I'm sure this isn't the first chair made from discarded satellite dishes, but it's probably the first recliner made as an homage to the classic Eames lounge chair. This is chair is 90-95% materials culled from 4 discarded dishes. The only non-satellite dish parts are a few feet of flat steel used for extra bracing, a chair reclining mechanism taken from a second-hand office chair and the cushions. Wanna make your own? Watch the video and read on!
You will need a welder, grinder, some basic wrenches and other basic metal working tools to make this but not much else, really. Oh yea, plus patience and problem solving skills ;)
Step 1: Collect, Dismantle, Assess
When scavenging you never know what you're going to get! Well, now we know satellite dishes offer a ton of good quality steel bits and well-engineered parts. I had 4 of them (with various amounts of hardware for each) and I knew each dish would be used for a panel of the seating area and ottoman. The rest of the build was a mystery until i dismantled them completely and assessed the "haul."
Great haul! I could see fairly quickly almost everything I needed was there. the mount is darn near perfect for a seat base, the steel is strong... the only thing missing was a chair base that swivels and reclines...
Step 2: Merge a Donor Chair Base With the Dish Parts
A used office chair provided the perfect mechanism to base the chair around. I cut it from a thrift store chair and welded a pice of satellite dish pipe to it. This pipe fits right into the coupling it was mounted in on the dish, and if you don't tighten the collar it swivels all by itself. Now it could spin and recline.
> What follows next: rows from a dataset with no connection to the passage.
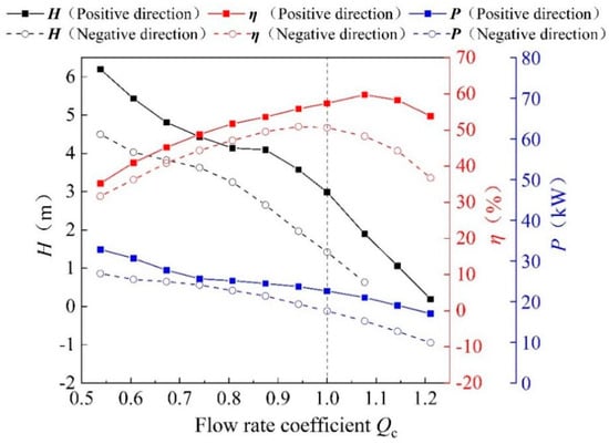 In order to investigate the difference in performance of BFFP during the positive and negative operation, numerical simulations of the pump unit were performed. The head H, efficiency η and shaft power P of the pump unit were taken out for comparison, as shown in Figure 8. It can be found that when the flow rate increases, the efficiency first increases and then decreases, and the head and shaft power gradually decrease. The external characteristics of the BFFP have the same tendency in positive and negative operation. The head, efficiency and shaft power of the BFFP are significantly higher than those of the negative operation when it is running in the positive direction. The maximum efficiency of the unit is 59.74% in the positive operation and 52.89% in the negative operation. The difference in efficiency is about 6.85%. Under the design condition, the head difference in the two directions is about 1.46 m, and the efficiency difference is about 4.92%. Under the design condition, the shaft power difference is about 4.94 kW. Compared with the positive running condition, the performance curve of the unit shifted about 40 kg/s to the low flow rate in the negative running condition.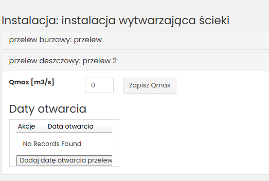 Dane o przelewach burzowych i deszczowych wprowadzane są w osobnej zakładce w menu po lewej stronie.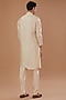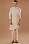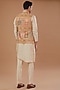 Featuring a haldi yellow nehru jacket in faux georgette base with sequins and thread embroidery. It is paired with a russian silk kurta, pants and a bespoke brooch. Perfect for a haldi or sangeet ceremony.

I welded the satellite dish to the chair base and had to add some stabilization so the sitter doesn't tip over. I did this with the square steel tubing that was used on the dishes to hold the LNB (low noise block down converter, whatever the hell that means. I have netflix ;). These made a nice spread out base with a little welding and support.
I used another style LNB holder to fabricate a back rest that welded to the seat bottom and held the back support in place. I also added some support using scraps of flat stock.
There is a lot of eyeballing and trial and error in a build like this. Kick and stomp the box you're already thinking outside of and you'll do just fine.
Step 3: Figure Out the Structure and Headrest, Plus a Simple Ottoman
Once I had the bottom and back roughed in, I went back and make it strong enough to hold me. I used some scrap flat steel to add a little support. I also figured out where I wanted the headrest to be and cut the top dish to fit over the back dish without overlapping. The adjustable hardware that came with the dish was great for helping me line up and support the headrest. Once I had it sketched out and cut, I welded it to the back.
I also made a footrest by simply welding a dish bracket to the bottom of the dish. With the pipe that holds it all up cut to length and using the hardware it came with, I was done with the ottoman in about 15 minutes. This design would probably translate into funky stools, with a little reinforcement and stability. I may make some.
Step 4: Adding Armrest for Comfort and Support
The bent portion of the satellite dish mounting pole makes a pretty good armrest. It also added much needed structure to keep the back and the bottom together and firm. A lot of compound angles made it tricky to get clean cuts and welds at the seams, so to cover the ugliness, I welded a pipe clamps from the dishes over the joints.
It works great! But should be a little more plush...
Step 5: Upholster
While this whole build was new territory, outside my comfort zone, I struggled the most with upholstering it. I am terrible with fabric and I didn't want to cover and hide all the dishes, but I also wanted a comfy surface.
I'll probably make something better some day, but for now, I cut up a couple cushions I got from a friend into satellite dish shapes, mounted them with spray glue to a thin plastic backing (should have used 1/8" plywood) and did a real simple upholstery job with a staple gun. I used inexpensive vinyl. I'm a vegetarian and don;t work with leather.
I also cut a pool noodle and upholstered it with spray glue and vinyl to put over the arms.
Step 6: Grind, Sand, Prime and Paint
No pics, but you get it. There is a lot of grinding, sanding, finessing and painting involved. Then you're done. Grab a drink, pull up a TV and bask in a job well done!